## [Work instructions]
Starting at the top of the data and ending with the line that holds "Casual Chic |", transcribe each line exactly; include both ends.

Dataset entries:
++++
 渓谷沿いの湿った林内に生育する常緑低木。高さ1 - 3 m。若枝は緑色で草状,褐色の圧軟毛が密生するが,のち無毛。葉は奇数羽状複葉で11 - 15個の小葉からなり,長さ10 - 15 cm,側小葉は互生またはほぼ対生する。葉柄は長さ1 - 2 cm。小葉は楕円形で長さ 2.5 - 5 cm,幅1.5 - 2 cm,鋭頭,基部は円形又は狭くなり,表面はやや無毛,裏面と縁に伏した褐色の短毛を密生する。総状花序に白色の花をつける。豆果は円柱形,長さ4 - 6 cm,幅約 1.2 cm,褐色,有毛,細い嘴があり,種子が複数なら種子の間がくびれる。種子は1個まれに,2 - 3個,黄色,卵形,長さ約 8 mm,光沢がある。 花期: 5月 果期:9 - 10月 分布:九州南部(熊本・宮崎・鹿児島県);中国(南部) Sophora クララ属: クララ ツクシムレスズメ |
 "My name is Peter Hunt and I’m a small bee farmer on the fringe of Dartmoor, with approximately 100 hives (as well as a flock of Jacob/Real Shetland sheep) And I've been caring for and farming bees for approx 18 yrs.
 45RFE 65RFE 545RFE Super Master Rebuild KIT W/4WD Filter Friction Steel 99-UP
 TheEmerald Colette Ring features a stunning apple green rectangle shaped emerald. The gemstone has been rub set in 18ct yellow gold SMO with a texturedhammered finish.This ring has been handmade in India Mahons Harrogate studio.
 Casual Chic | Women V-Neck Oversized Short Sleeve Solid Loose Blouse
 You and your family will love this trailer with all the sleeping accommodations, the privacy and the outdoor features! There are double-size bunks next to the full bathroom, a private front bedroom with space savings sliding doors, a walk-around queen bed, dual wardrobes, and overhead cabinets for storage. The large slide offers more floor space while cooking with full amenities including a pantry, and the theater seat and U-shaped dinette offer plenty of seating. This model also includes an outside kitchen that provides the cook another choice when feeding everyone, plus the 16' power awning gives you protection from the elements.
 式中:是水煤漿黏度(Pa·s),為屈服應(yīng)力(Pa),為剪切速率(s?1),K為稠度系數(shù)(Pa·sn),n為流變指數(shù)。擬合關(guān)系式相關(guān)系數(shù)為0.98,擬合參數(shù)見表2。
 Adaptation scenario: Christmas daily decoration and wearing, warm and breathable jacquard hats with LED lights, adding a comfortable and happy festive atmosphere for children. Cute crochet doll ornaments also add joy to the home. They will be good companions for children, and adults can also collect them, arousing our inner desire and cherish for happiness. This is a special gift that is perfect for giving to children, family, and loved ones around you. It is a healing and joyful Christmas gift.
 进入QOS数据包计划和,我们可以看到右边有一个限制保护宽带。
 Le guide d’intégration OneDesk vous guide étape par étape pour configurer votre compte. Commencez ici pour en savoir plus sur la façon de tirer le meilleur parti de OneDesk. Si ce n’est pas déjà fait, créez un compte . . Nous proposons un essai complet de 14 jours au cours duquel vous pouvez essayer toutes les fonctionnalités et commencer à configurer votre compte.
++++
## [Response]
 渓谷沿いの湿った林内に生育する常緑低木。高さ1 - 3 m。若枝は緑色で草状,褐色の圧軟毛が密生するが,のち無毛。葉は奇数羽状複葉で11 - 15個の小葉からなり,長さ10 - 15 cm,側小葉は互生またはほぼ対生する。葉柄は長さ1 - 2 cm。小葉は楕円形で長さ 2.5 - 5 cm,幅1.5 - 2 cm,鋭頭,基部は円形又は狭くなり,表面はやや無毛,裏面と縁に伏した褐色の短毛を密生する。総状花序に白色の花をつける。豆果は円柱形,長さ4 - 6 cm,幅約 1.2 cm,褐色,有毛,細い嘴があり,種子が複数なら種子の間がくびれる。種子は1個まれに,2 - 3個,黄色,卵形,長さ約 8 mm,光沢がある。 花期: 5月 果期:9 - 10月 分布:九州南部(熊本・宮崎・鹿児島県);中国(南部) Sophora クララ属: クララ ツクシムレスズメ |
 "My name is Peter Hunt and I’m a small bee farmer on the fringe of Dartmoor, with approximately 100 hives (as well as a flock of Jacob/Real Shetland sheep) And I've been caring for and farming bees for approx 18 yrs.
 45RFE 65RFE 545RFE Super Master Rebuild KIT W/4WD Filter Friction Steel 99-UP
 TheEmerald Colette Ring features a stunning apple green rectangle shaped emerald. The gemstone has been rub set in 18ct yellow gold SMO with a texturedhammered finish.This ring has been handmade in India Mahons Harrogate studio.
 Casual Chic | Women V-Neck Oversized Short Sleeve Solid Loose Blouse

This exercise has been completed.